# AVAILABLE DATA
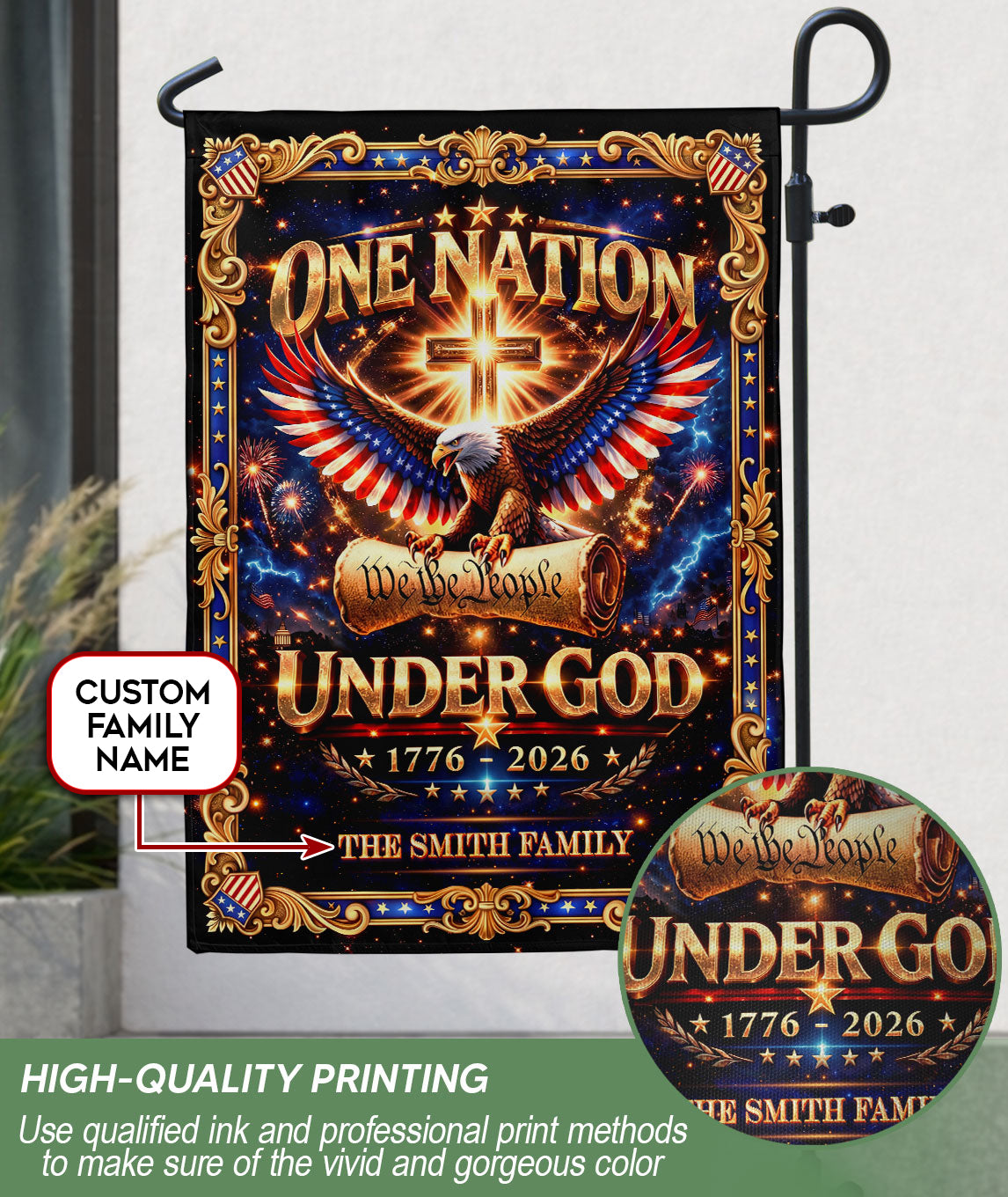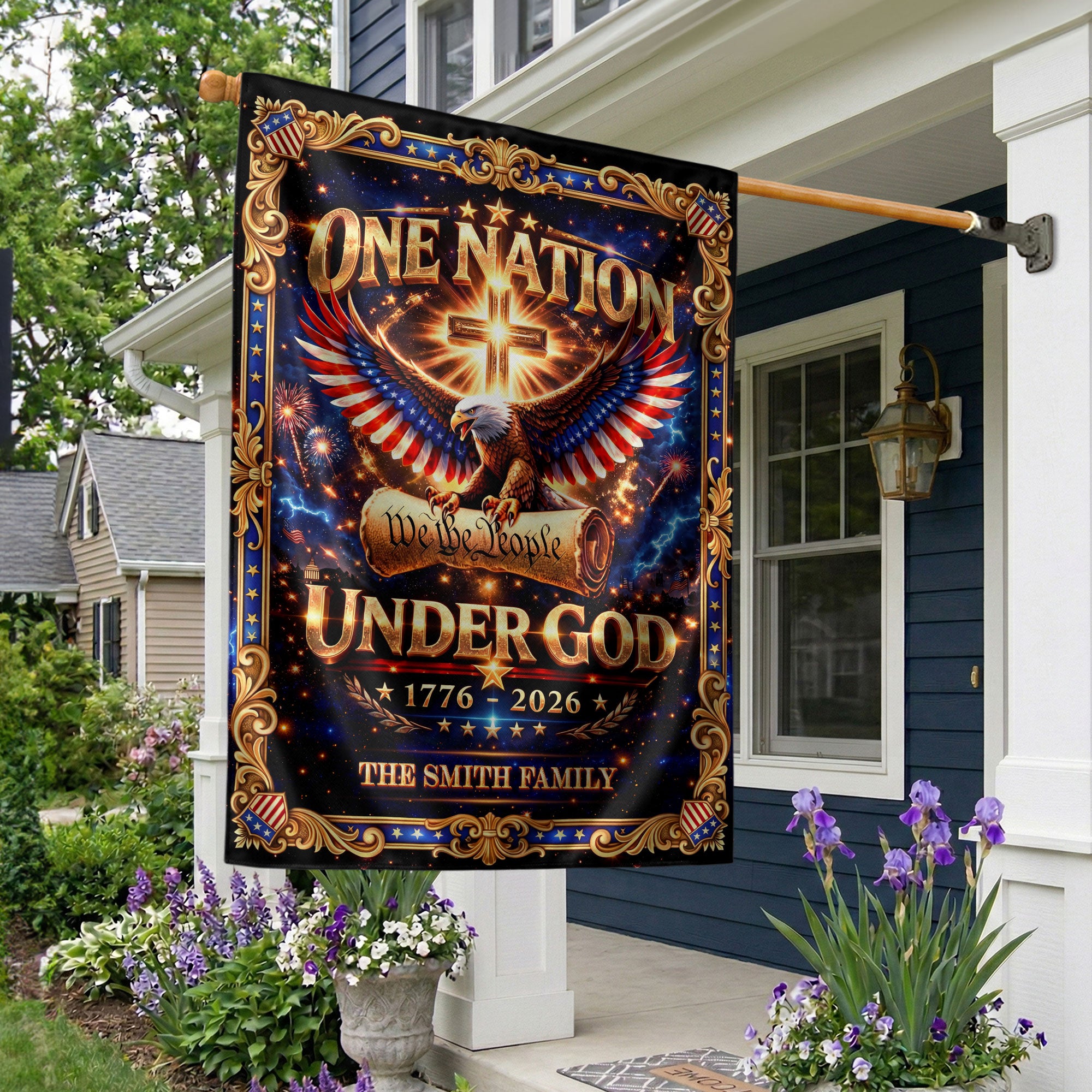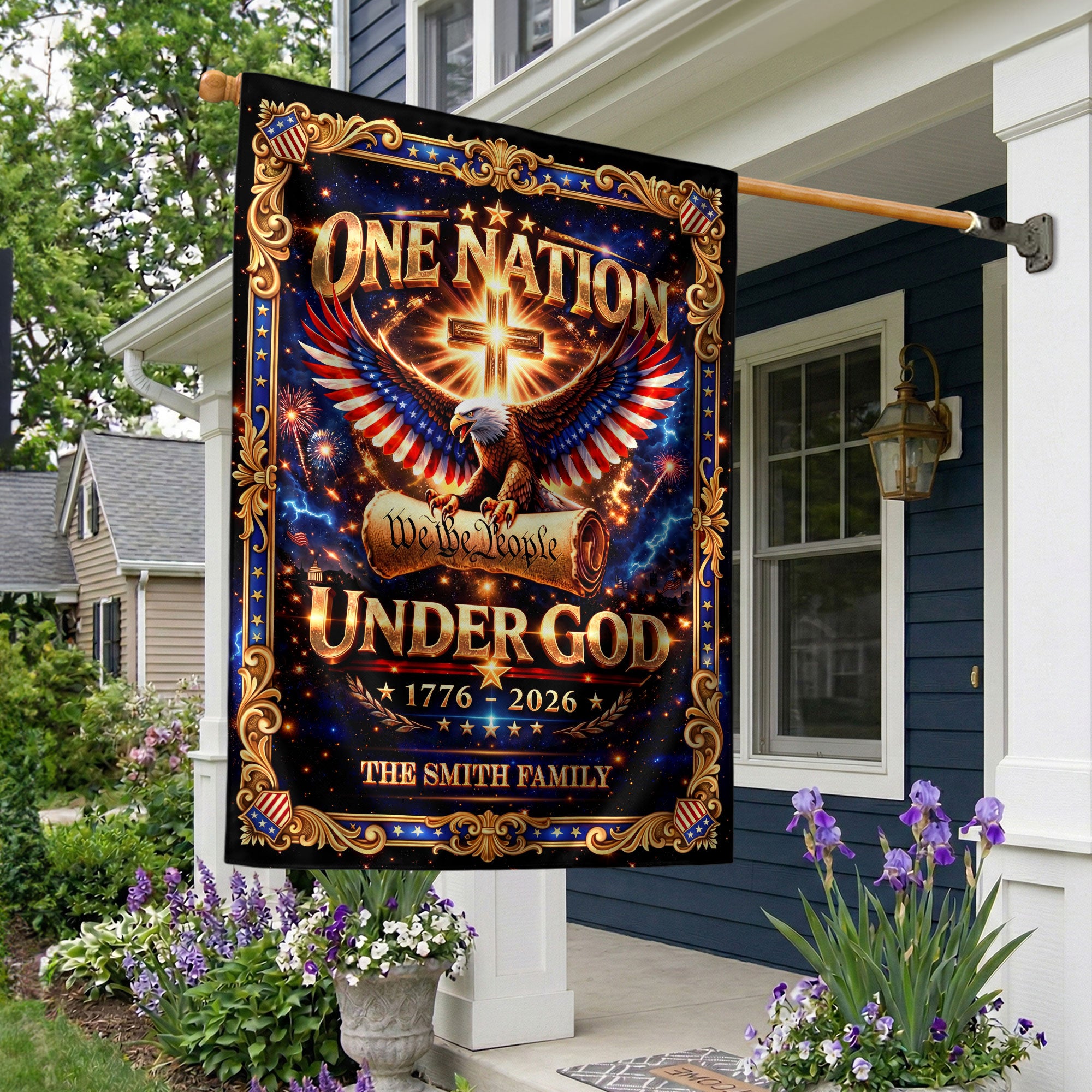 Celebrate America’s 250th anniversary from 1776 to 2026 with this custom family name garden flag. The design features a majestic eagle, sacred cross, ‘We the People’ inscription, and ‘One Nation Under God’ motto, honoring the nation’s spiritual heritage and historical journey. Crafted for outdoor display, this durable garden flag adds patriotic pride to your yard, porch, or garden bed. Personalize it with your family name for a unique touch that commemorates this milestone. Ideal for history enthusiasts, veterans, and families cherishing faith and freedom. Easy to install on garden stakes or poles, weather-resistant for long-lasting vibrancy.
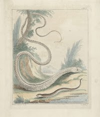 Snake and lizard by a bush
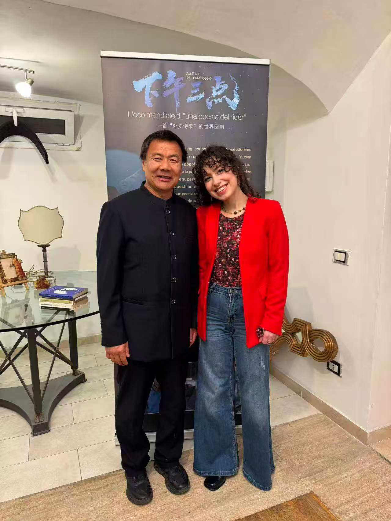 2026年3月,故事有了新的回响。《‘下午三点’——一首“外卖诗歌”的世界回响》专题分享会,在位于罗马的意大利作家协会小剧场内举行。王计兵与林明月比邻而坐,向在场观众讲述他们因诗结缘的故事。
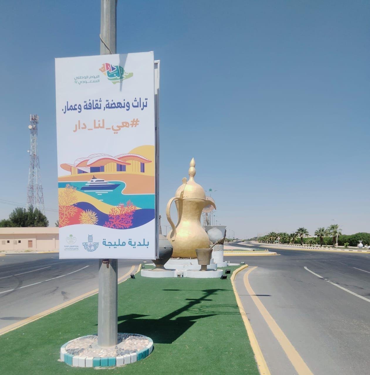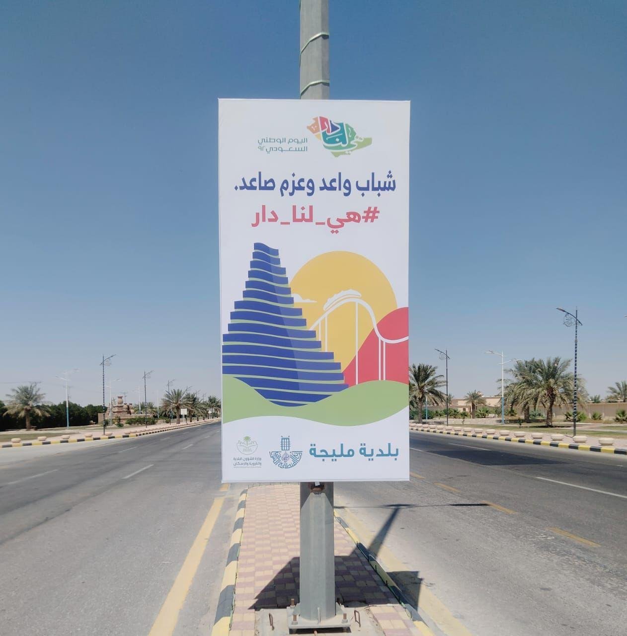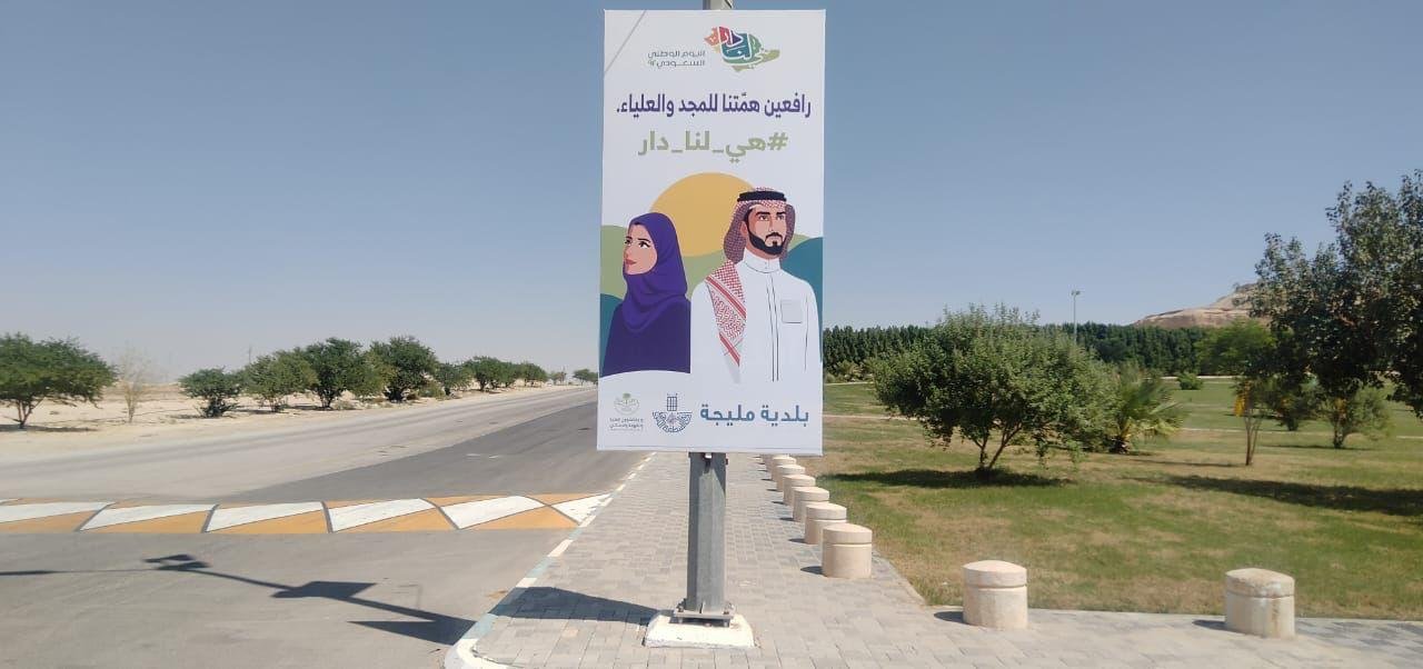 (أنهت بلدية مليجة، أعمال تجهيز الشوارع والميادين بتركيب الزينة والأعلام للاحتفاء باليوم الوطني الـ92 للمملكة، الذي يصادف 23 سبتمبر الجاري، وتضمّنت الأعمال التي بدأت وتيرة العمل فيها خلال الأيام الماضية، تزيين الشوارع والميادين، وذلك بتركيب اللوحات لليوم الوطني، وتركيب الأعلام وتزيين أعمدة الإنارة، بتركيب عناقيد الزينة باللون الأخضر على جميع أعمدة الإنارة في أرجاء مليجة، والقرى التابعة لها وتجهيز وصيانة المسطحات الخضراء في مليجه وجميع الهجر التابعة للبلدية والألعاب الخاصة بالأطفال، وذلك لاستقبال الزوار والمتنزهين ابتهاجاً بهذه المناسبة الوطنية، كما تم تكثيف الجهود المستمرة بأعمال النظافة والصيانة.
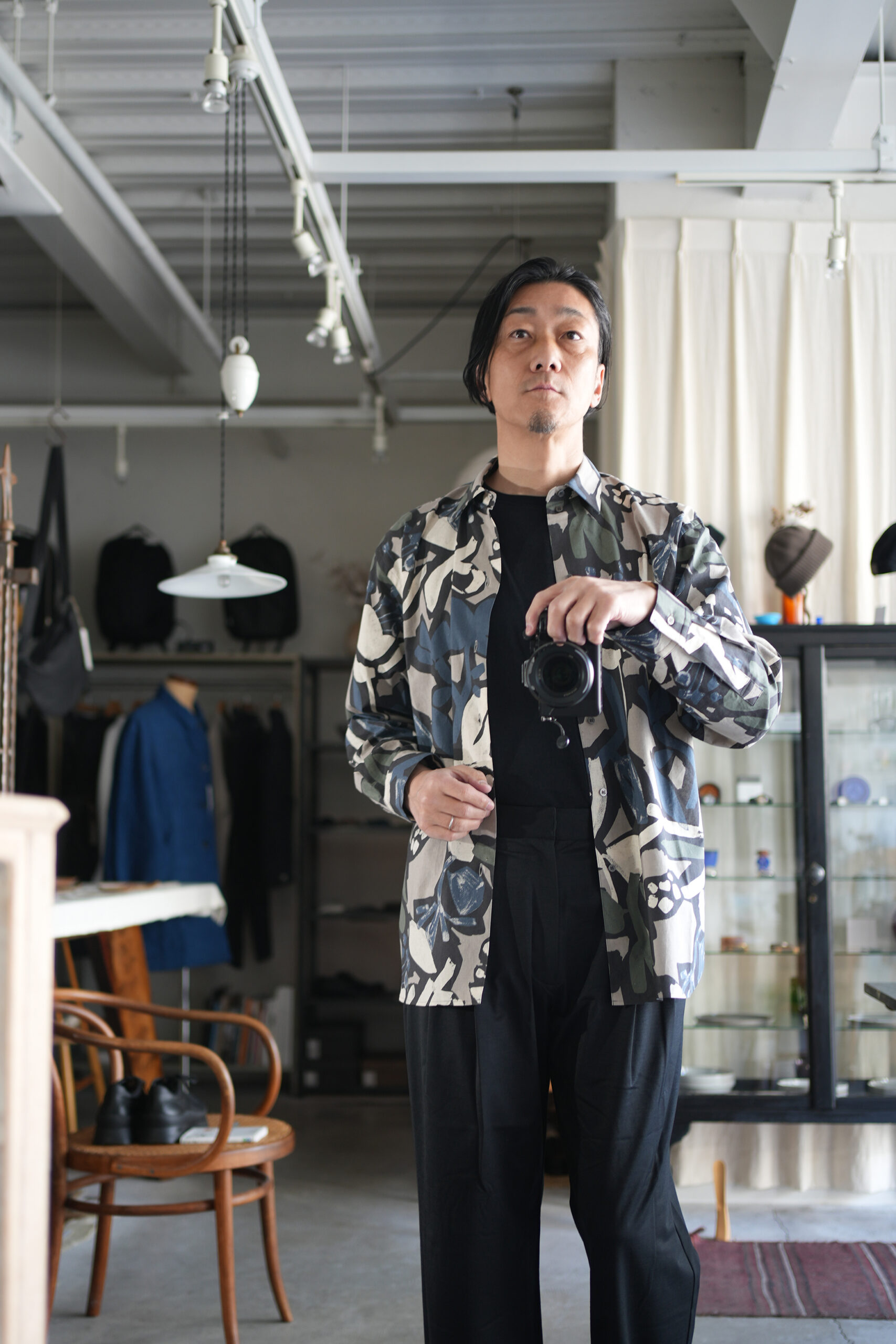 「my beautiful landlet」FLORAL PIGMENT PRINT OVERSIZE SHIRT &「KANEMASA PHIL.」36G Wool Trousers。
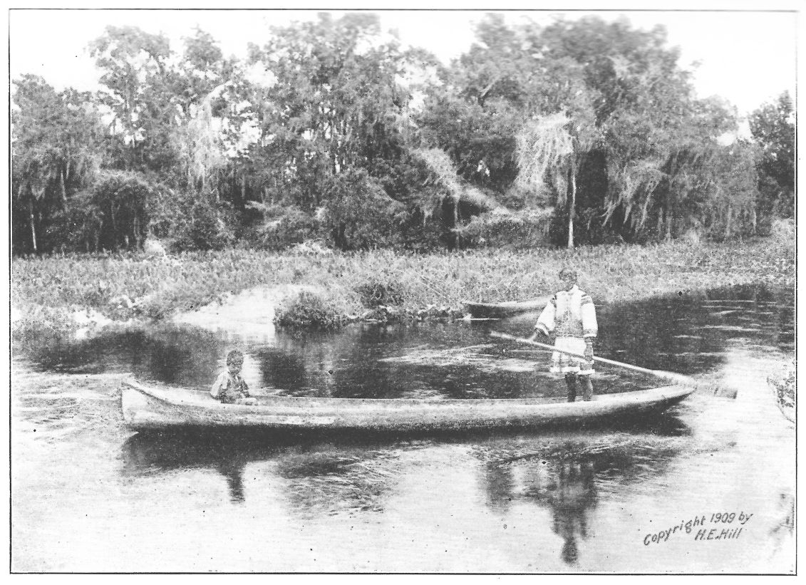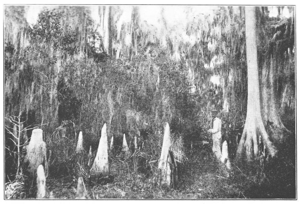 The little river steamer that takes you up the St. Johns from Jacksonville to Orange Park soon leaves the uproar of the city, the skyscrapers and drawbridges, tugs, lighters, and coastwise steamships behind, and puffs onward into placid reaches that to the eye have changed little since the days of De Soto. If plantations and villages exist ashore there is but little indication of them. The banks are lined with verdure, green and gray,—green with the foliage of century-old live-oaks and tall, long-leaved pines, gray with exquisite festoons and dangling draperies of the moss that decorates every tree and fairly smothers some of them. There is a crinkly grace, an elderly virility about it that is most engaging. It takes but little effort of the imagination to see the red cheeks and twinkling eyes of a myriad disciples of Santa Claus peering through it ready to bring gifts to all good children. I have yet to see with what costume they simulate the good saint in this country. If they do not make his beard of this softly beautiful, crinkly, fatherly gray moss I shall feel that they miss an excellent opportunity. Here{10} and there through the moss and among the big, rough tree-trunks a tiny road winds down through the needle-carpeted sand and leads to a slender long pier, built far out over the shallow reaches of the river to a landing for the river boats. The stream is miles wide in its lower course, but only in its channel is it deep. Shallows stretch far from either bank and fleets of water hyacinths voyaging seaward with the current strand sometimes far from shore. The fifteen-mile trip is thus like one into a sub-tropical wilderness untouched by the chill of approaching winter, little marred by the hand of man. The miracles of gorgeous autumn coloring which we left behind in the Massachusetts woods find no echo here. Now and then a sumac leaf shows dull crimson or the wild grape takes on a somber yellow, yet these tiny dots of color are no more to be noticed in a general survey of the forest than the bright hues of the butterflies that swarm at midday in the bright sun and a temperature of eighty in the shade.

# EXERCISE DIRECTIONS
Leaving each image aside, repeat the listing above exactly.

# RESPONSE
 Celebrate America’s 250th anniversary from 1776 to 2026 with this custom family name garden flag. The design features a majestic eagle, sacred cross, ‘We the People’ inscription, and ‘One Nation Under God’ motto, honoring the nation’s spiritual heritage and historical journey. Crafted for outdoor display, this durable garden flag adds patriotic pride to your yard, porch, or garden bed. Personalize it with your family name for a unique touch that commemorates this milestone. Ideal for history enthusiasts, veterans, and families cherishing faith and freedom. Easy to install on garden stakes or poles, weather-resistant for long-lasting vibrancy.
 Snake and lizard by a bush
 2026年3月,故事有了新的回响。《‘下午三点’——一首“外卖诗歌”的世界回响》专题分享会,在位于罗马的意大利作家协会小剧场内举行。王计兵与林明月比邻而坐,向在场观众讲述他们因诗结缘的故事。
 (أنهت بلدية مليجة، أعمال تجهيز الشوارع والميادين بتركيب الزينة والأعلام للاحتفاء باليوم الوطني الـ92 للمملكة، الذي يصادف 23 سبتمبر الجاري، وتضمّنت الأعمال التي بدأت وتيرة العمل فيها خلال الأيام الماضية، تزيين الشوارع والميادين، وذلك بتركيب اللوحات لليوم الوطني، وتركيب الأعلام وتزيين أعمدة الإنارة، بتركيب عناقيد الزينة باللون الأخضر على جميع أعمدة الإنارة في أرجاء مليجة، والقرى التابعة لها وتجهيز وصيانة المسطحات الخضراء في مليجه وجميع الهجر التابعة للبلدية والألعاب الخاصة بالأطفال، وذلك لاستقبال الزوار والمتنزهين ابتهاجاً بهذه المناسبة الوطنية، كما تم تكثيف الجهود المستمرة بأعمال النظافة والصيانة.
 「my beautiful landlet」FLORAL PIGMENT PRINT OVERSIZE SHIRT &「KANEMASA PHIL.」36G Wool Trousers。
 The little river steamer that takes you up the St. Johns from Jacksonville to Orange Park soon leaves the uproar of the city, the skyscrapers and drawbridges, tugs, lighters, and coastwise steamships behind, and puffs onward into placid reaches that to the eye have changed little since the days of De Soto. If plantations and villages exist ashore there is but little indication of them. The banks are lined with verdure, green and gray,—green with the foliage of century-old live-oaks and tall, long-leaved pines, gray with exquisite festoons and dangling draperies of the moss that decorates every tree and fairly smothers some of them. There is a crinkly grace, an elderly virility about it that is most engaging. It takes but little effort of the imagination to see the red cheeks and twinkling eyes of a myriad disciples of Santa Claus peering through it ready to bring gifts to all good children. I have yet to see with what costume they simulate the good saint in this country. If they do not make his beard of this softly beautiful, crinkly, fatherly gray moss I shall feel that they miss an excellent opportunity. Here{10} and there through the moss and among the big, rough tree-trunks a tiny road winds down through the needle-carpeted sand and leads to a slender long pier, built far out over the shallow reaches of the river to a landing for the river boats. The stream is miles wide in its lower course, but only in its channel is it deep. Shallows stretch far from either bank and fleets of water hyacinths voyaging seaward with the current strand sometimes far from shore. The fifteen-mile trip is thus like one into a sub-tropical wilderness untouched by the chill of approaching winter, little marred by the hand of man. The miracles of gorgeous autumn coloring which we left behind in the Massachusetts woods find no echo here. Now and then a sumac leaf shows dull crimson or the wild grape takes on a somber yellow, yet these tiny dots of color are no more to be noticed in a general survey of the forest than the bright hues of the butterflies that swarm at midday in the bright sun and a temperature of eighty in the shade.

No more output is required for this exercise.